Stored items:
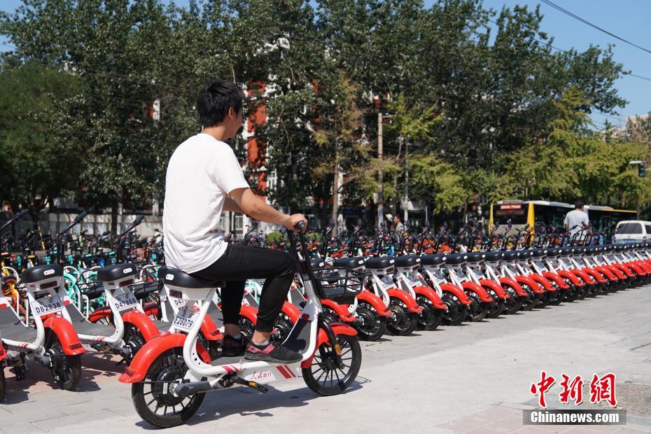 9月2日,北京人民日报社西门,用户骑公务电动车出行。北京市首批专门用于公务出行的电动自行车日前正式投用。公务电动自行车车身红白相间,统一配备了车牌,全部符合新国标,并为骑行人购买了保险。它仅面向机关事业单位公务出行人群,解决10公里以内的出行难题。中新社记者 张兴龙 摄
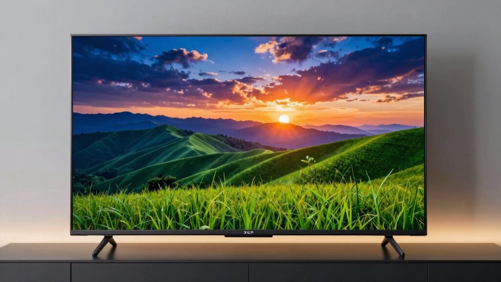 Since immersive sound markedly enhances the viewing experience, paying attention to audio performance is essential when selecting a TV with Dolby Vision and HDR10+ under $3000. Look for models with Dolby Atmos or DTS:X support, as these deliver multidimensional sound that fills the room. High-quality built-in speakers are a plus, but pairing your TV with a soundbar or wireless speakers via Bluetooth can notably boost audio quality. Features like Enhanced Dialogue Mode are also valuable, improving speech clarity against complex soundtracks. Dynamic metadata in HDR10+ ensures audio adjustments are synchronized with scene changes, creating a more immersive experience. Ultimately, prioritizing these audio features guarantees richer, clearer sound that complements the stunning visuals of your TV.
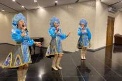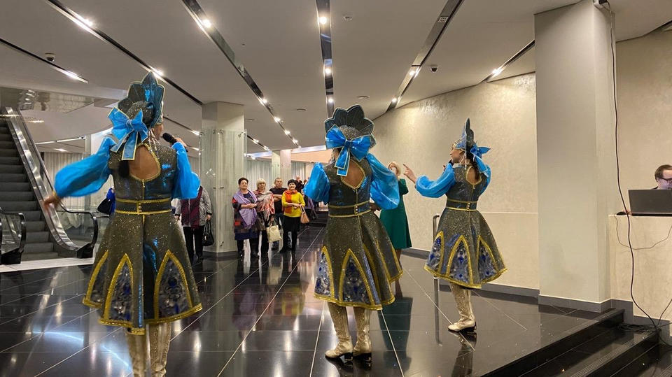 Перед концертом «Вензелей» зрителей с программой «Добро пожаловать!» встречали артисты ансамбля «Злато-Серебро».
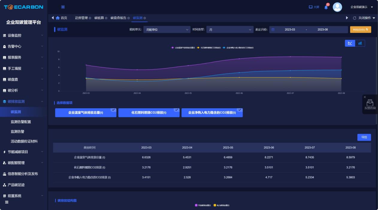 智慧能碳管理系统是支撑工业企业和园区提升能耗双控和碳排放双控管理水平的信息系统。旨在可帮助企业申报绿色工厂且满足《工业企业和园区数字化能碳管理中心建设指南》中十二项功能。
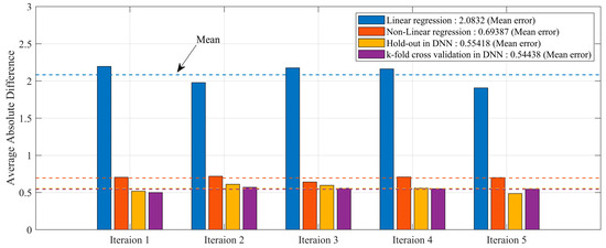 Compared to methods that incorporated the linear and nonlinear regression equations along with the hold-out method, the DNN that utilized K-fold cross-validation predicted results that were closer to the actual values. The absolute errors of all results are shown in Figure 11.
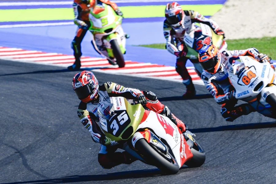 ส่วน ก๊องส์-ธัชกร หมายเลข 5 จาก ฮอนด้า ทีม เอเชีย ในศึกโมโตทรี พยายามอย่างหนักเพื่อขยับอันดับ ก่อนพลาดล้มและต้องนำรถเข้าพิทอย่างน่าเสียดาย

TRY IT
Exactly as written, please copy out the whole set of records, skipping images.

ANSWER FOR THIS EXERCISE
 9月2日,北京人民日报社西门,用户骑公务电动车出行。北京市首批专门用于公务出行的电动自行车日前正式投用。公务电动自行车车身红白相间,统一配备了车牌,全部符合新国标,并为骑行人购买了保险。它仅面向机关事业单位公务出行人群,解决10公里以内的出行难题。中新社记者 张兴龙 摄
 Since immersive sound markedly enhances the viewing experience, paying attention to audio performance is essential when selecting a TV with Dolby Vision and HDR10+ under $3000. Look for models with Dolby Atmos or DTS:X support, as these deliver multidimensional sound that fills the room. High-quality built-in speakers are a plus, but pairing your TV with a soundbar or wireless speakers via Bluetooth can notably boost audio quality. Features like Enhanced Dialogue Mode are also valuable, improving speech clarity against complex soundtracks. Dynamic metadata in HDR10+ ensures audio adjustments are synchronized with scene changes, creating a more immersive experience. Ultimately, prioritizing these audio features guarantees richer, clearer sound that complements the stunning visuals of your TV.
 Перед концертом «Вензелей» зрителей с программой «Добро пожаловать!» встречали артисты ансамбля «Злато-Серебро».
 智慧能碳管理系统是支撑工业企业和园区提升能耗双控和碳排放双控管理水平的信息系统。旨在可帮助企业申报绿色工厂且满足《工业企业和园区数字化能碳管理中心建设指南》中十二项功能。
 Compared to methods that incorporated the linear and nonlinear regression equations along with the hold-out method, the DNN that utilized K-fold cross-validation predicted results that were closer to the actual values. The absolute errors of all results are shown in Figure 11.
 ส่วน ก๊องส์-ธัชกร หมายเลข 5 จาก ฮอนด้า ทีม เอเชีย ในศึกโมโตทรี พยายามอย่างหนักเพื่อขยับอันดับ ก่อนพลาดล้มและต้องนำรถเข้าพิทอย่างน่าเสียดาย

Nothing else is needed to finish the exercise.